Папа отнес Юрино тельце в больницу. 21 декабря Юру хоронили на Косогоре, в районе нынешнего центрального городского кладбища Горловки. В тот день был сильный мороз. Гроб повезли на телеге, а крест забыли. Вале пришлось быстро надеть курточку, ботинки на босу ногу, взять крест и догонять родителей. Было очень холодно, дорога шла вверх, крест был маленький, но для нее все равно тяжелый.

В январе 1947 года нашей семье выделили комнату в доме барачного типа по улице Никитовской. Жить стало легче в том смысле, что жилье было теплее и маме уже не приходилось всю ночь дежурить у печки. В народе наши дома называли «Стандартными», потому что они были одинаковые, построенные по стандарту. Здесь жили семьи работников машиностроительного завода и шахтеров, и одну часть домов называли заводскими, а другую — шахтерскими.

В начале весны 1947 года Ваня снова заболел воспалением легких и умер в день рождения мамы, 22 марта. Похоронили Ваню возле Юры. В послевоенные 1946– 1947 годы было очень голодно.
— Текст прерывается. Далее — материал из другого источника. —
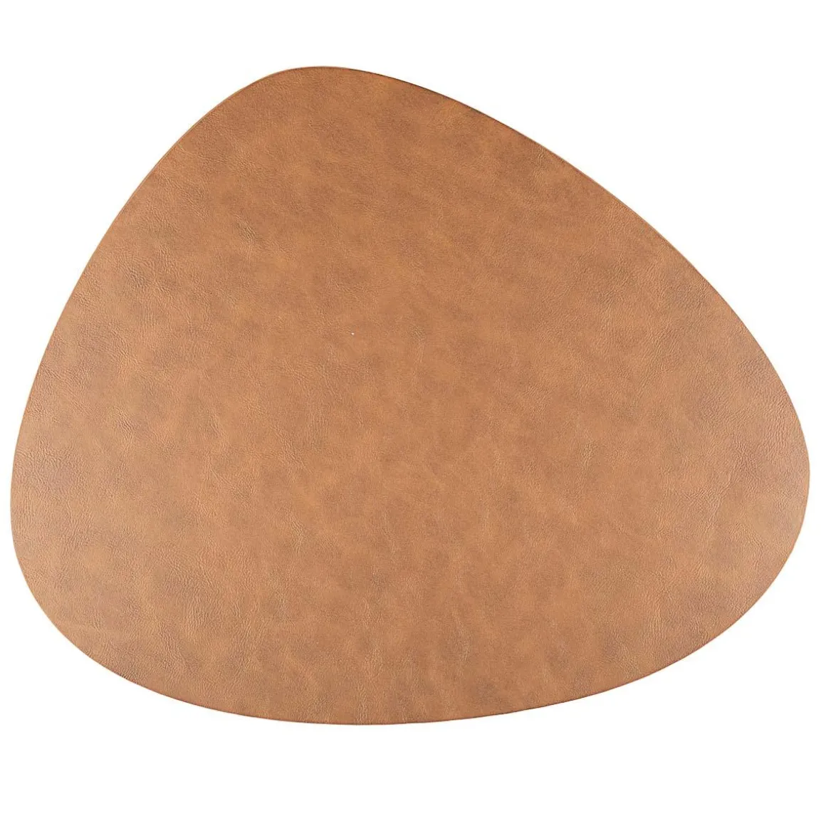 Stilig spisebrikke eller dekkebrikke i en gøyal form, supre når borddekkingen trenger den siste prikken over i’en. Brikken er laget i imitert skinn og finnes også i .

Отцу на работе выдавали продовольственные карточки на месяц. Еды на них можно было получить немного, но это помогало выживать. Однажды папа, возвращаясь домой, потерял карточки, и, чтобы не умереть с голоду, пришлось продать швейную машинку и очень красивую говорящую куклу, подаренную маленькой Вале. Вырученные деньги быстро таяли, и уже осенью 1947 года мама с Валей пошли на поле за свеклой, но сторож был строгий и не разрешил им взять несколько свёклин. Пришлось нарвать лебеды и варить из нее борщ.

Летом 1948 года, перед тем как Вале идти в школу, они с мамой пытались заработать немного денег. Рано утром выходили из дому, шли на колонку, набирали воду и несли на рынок, где продавали ее торговцам и покупателям кружками. 1 сентября 1948 года мама провожала Валю, одетую в новое платье и белый фартук, в 1-й класс. Из-за войны и тяжелых послевоенных лет в тот год первоклашки были разного возраста, многим, как Вале, было восемь лет, а кому-то и десять.

В апреле 1949 года умерла бабушка Дуся. Последнее время она жаловалась на сильную боль в ногах. Всю ночь перед похоронами мама шила платье для бабушки и подушечку под голову. Жили бедно, но хоронить старались по-христиански.

18 мая 1949 года родились двойняшки: я и Лена. Меня назвали в честь папиного племянника Шуры, а Лену — в честь маминой сестры Елены, которая жила в Перми. В нашей семье меня тоже называли Шурой, это потом, когда повзрослел и после армии уехал в Москву, стали больше звать Сашей. Старшие Валя и Виктор нянчили меня и сестричку. Родственники из Перми помогали как могли, присылали вещи для детей, один раз даже пальто для мамы. Помогали и родственники из Фенольного. Жили они недалеко, всего в двадцати километрах от Стандартных, но прямого транспорта да и денег на дорогу не было.

Совсем недавно услышал от Валентины, как они с мамой ходили в Фенольное: трамваем доезжали до улицы Колхозной, потом шли пешком. Когда Валя уставала, мама несла ее на спине сколько могла. Конец 40-х годов был временем тревожным и голодным, и путешествие мамы с дочкой-подростком можно назвать рискованным. Виктор тоже рассказывал о своих путешествиях с мамой в Фенольное, причем с новорожденным Женей. Можно сделать вывод, что мама совершала подобные путешествия, стремясь как можно чаще посещать своих родственников. Радость от встреч укрепляла ее тоскующее сердце.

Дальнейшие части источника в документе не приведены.